Er überlegt, ob er die Spieldose mitnehmen soll, doch dann legt er sie wieder auf den Boden zurück. »Schauen wir erst mal, was es hier unten noch für Schätze gibt.«

Padriac schwenkt seine Grubenlampe weiter, bis ihr Strahl auf das Skelett eines Fußes fällt. Vor ihm liegt eine mumifizierte Leiche, großteils zerfressen von Verwesung, den Ratten und der Zeit. Die Männer werden still. Sie starren auf die Haarbüschel, die dünn wie Zuckerwatte sind, und auf den wie zu einem letzten Schrei aufgerissenen Mund. Einige Männer bekreuzigen sich. Vieles haben sie zurückgelassen, um in dieses Land kommen zu dürfen, aber ihren Aberglauben nicht.

Sun Yu ist beklommen zumute, doch im Englischen fehlen ihm die Worte, mit denen er den anderen seine Gefühle mitteilen könnte. Mit dieser Frau hat es ein böses Ende genommen. Wäre er in China, er würde für angemessene Gebete und ein Begräbnis sorgen. Denn dort weiß jeder, dass eine Seele ohne diese Rituale keine Ruhe finden kann. Aber hier ist Amerika. Und hier ist alles anders.

»Pech gehabt«, sagt er schließlich, und keiner widerspricht ihm.

»Wir machen dann wohl besser weiter, Jungs«, sagt Padriac mit einem tiefen Seufzer.

Die Männer drängen aus dem Gewölbe. Als Padriac das Tor schließt, wirft er noch einen bedauernden Blick auf die von ihnen entdeckte Bahnstation. Bald schon wird es sie nicht mehr geben, wird sie zerstört werden, um neuen U-Bahn-Linien für die wachsende Stadt Platz zu machen. Der Fortschritt schreitet immer weiter fort.

»Eine Schande«, sagt er.

Nur wenige Augenblicke später verschmilzt das Dröhnen der Presslufthammer mit dem stetigen Geratter der U-Bahnen; der Gesang der Stadt hallt in den Tunneln wider. Plötzlich wird das Licht der Arbeitsleuchten schwächer. Die Männer halten inne. Ein Windstoß weht durch den Tunnel und streicht zart über ihre schweißbedeckten Gesichter. Er trägt ein leises Weinen mit sich und dann ist es vorbei. Die Lichter werden wieder hell. Die Männer zucken mit den Achseln - solch sonderbare Dinge ereignen sich nun einmal in der Stadt unter der Stadt. Sie nehmen ihre Arbeit wieder auf; ihre Maschinen fressen sich in das Erdreich und begraben dabei die Vergangenheit.

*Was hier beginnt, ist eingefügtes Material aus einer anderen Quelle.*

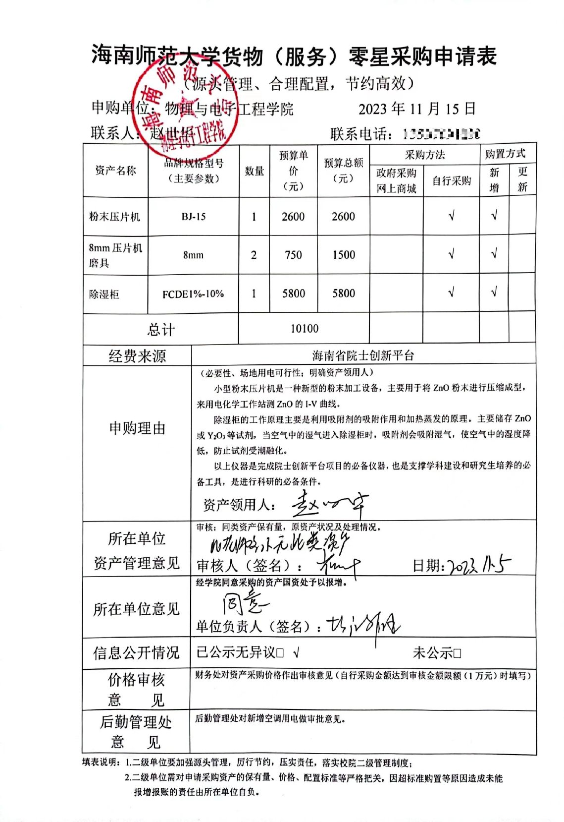 物理与电子工程学院王占国院士平台购买实验和办公设备,公示如下,公示时间:2023年11月15-11月20日。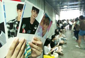 “谁有姜丹尼尔的小卡,请跟我交换!”10日下午,在连接教保文库的首尔地铁5号线光化门站地下通道,韩国偶像男团Wanna

Später kehren die Männer erschöpft nach Chinatown zurück und steigen die Treppen zu ihrem Mehrbettzimmer hinauf. Sie fallen mit eingerissenen, schmutzverkrusteten Fingernägeln in ihre Betten. Sie sind zu müde, um sich noch zu waschen, nicht aber, um zu träumen. Denn auch die Träume sind Geister, Sehnsüchte, denen wir im Schlaf nachjagen, bis sie am Morgen dann verschwinden. Das Verlangen dieser Träume lockt die Toten an, und die Stadt birgt viele Träume.

Die Männer träumen von der Spieldose und ihrer Melodie, einem Relikt aus längst vergangenen Tagen.

»Beautiful dreamer, wake unto me / Starlight and dewdrops are waiting for thee ...«

Die Melodie geht ihnen ins Blut, trägt sie fort in die schönsten Träume, die sie jemals hatten - Träume, in denen sie über Tage sind, Männer mit Vermögen und Ansehen, Männer, die über Besitz verfügen, in einem Land, das zu Besitzerwerb anspornt. Michael träumt von einem eigenen Bauunternehmen. Padriac von einer Pferdefarm auf dem Land. Sun Yu träumt davon, als wohlhabender Mann in sein Dorf zurückzukehren und den Stolz in den Gesichtern seiner Eltern zu sehen, wenn er sie nach Amerika holt, samt einer Frau für sich. Ja, einer Frau, mit der er die Beschwerlichkeiten und Freuden des Lebens in diesem Land teilen kann. Er sieht, wie sie ihn anlächelt. Was für ein reizendes Gesicht! Und das da neben ihr sind seine Kinder? Tatsächlich! Glückliche Kinder, die ihn nach getaner Arbeit mit seinen Hausschuhen, seiner Pfeife und glücklichen »Baba!«-Rufen zu Hause willkommen heißen und um eine Gutenachtgeschichte betteln.

Sun Yu streckt den Arm nach seinem jüngsten Kind aus und sein Traum zerfällt zu glühender Asche. Nur das Dunkel des Tunnels, den sie vorhin entdeckt haben, umgibt ihn noch. Sun Yu ruft laut nach seinen Kindern und hört leises Wimmern. Es bricht ihm das Herz.

»Nicht weinen«, versucht er sie zu trösten.

Ein Funken glimmt in der Finsternis auf. Einige Sekunden lang erwacht Sun Yus lang ersehntes Familienleben wieder zum Leben, so als ob er durch ein Schlüsselloch auf sein Glück spähen würde. Eins seiner Kinder lockt ihn mit gekrümmtem Finger zu sich her und lächelt.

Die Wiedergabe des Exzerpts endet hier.